Ragazza incinta denuncia il fidanzato: presa a botte

L’episodio è avvenuto nel Portuense. Prima i litigi poi la violenza: «Mi ha spinto con forza e colpito alla pancia, così sono scappata di casa» 

Una brutta storia, ancora un episodio di violenza sulle donne che vede però protagonista una coppia giovane, la quale sta attraversando quello che sarebbe un momento magico - diciamo sulla carta - per ogni coppia, l’arrivo di un bambino. Vittima una ragazza di appena vent’anni, la quale si è vista costretta denunciare l’ex fidanzato in due occasioni pochi giorni prima di Natale, con la paura che quanto avvenuto si possa ripetere, anche se adesso è tornata a vivere a casa con sua madre ed il compagno di quest’ultima.

La coppia


La storia d’amore è nata durante l’estate, quando la ragazza viveva in casa di un’amica nel Portuense. Una sera ecco l’incontro con questo ragazzo, un amore che scoppia all’improvviso e che porta la ragazza - forse con troppa fretta ma la giovane età no n è stata d’aiuto - ad accettare l’invito del giovane a vivere a casa con la sua famiglia, sempre in territorio comunale di Portomaggiore. «Ho accettato, mi piaceva e stavo bene con lui - ammette la ragazza -, non pensavo certo che poi sarei rimasta incinta...».

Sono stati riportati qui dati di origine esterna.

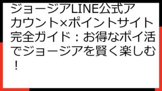 ジョージアをお得に楽しむ!LINE公式アカウント×ポイントサイト徹底攻略ガイド この記事では、「ジョージア LINE公式アカウント」と「ポイントサイト」を組み合わせた、お得なポイ活(ポイント活動)について、詳しく解説していきます。 ジョージ...

Ma i problemi iniziano prima e per altri motivi: «I soldi, sempre i soldi. La famiglia del ragazzo mi chiedeva di contribuire alle spese e io lo facevo grazie a mia madre. Ma il denaro non bastava mai e veniva utilizzato per comprare birre o nuovi cellulari, non per pagare le bollette. Alcune volte i soldi mi sono spariti dalla borsetta».

La sorpresa

Con qualche litigio di troppo arrivano i mesi autunnali e una novità... «Avevo avuto dei dolori di pancia, pensavo di essere incinta ma la visita aveva riscontrato altri problemi. Poi a novembre ho fatto il test ed era negativo... l’ho lasciato nella borsetta e dopo qualche giorno la sorpresa: era positivo!». E qui iniziano i veri problemi, liti continue anche con i familiari del ragazzo, alla base sempre i soldi ma forse il motivo è un altro: «Non lo so, so soltanto che lui era diventato più cattivo e la famiglia chiedeva a me e mia madre sempre più denaro, minacciando di buttarmi fuori di casa incinta. Le prime violenze sono state psicologiche, volevano farmi litigare con mia madre. Poi a causa della gravidanza a rischio sono anche dovuta ricorrere a cure mediche, ma all’ospedale è venuto a prendermi un amico...».

La paura

E si arriva alla fatidica sera del 12 dicembre: «Lui aveva bevuto più del solito. Prima mi ha detto “Ero più felice quando tu non c’eri”, poi ha iniziato a spingermi con forza, colpendomi anche alla pancia. Per paura di peggiorare le cose sono stata zitta, ma la notte non ho chiuso occhio e al mattino con la scusa di andare al lavoro sono tornata da mia madre».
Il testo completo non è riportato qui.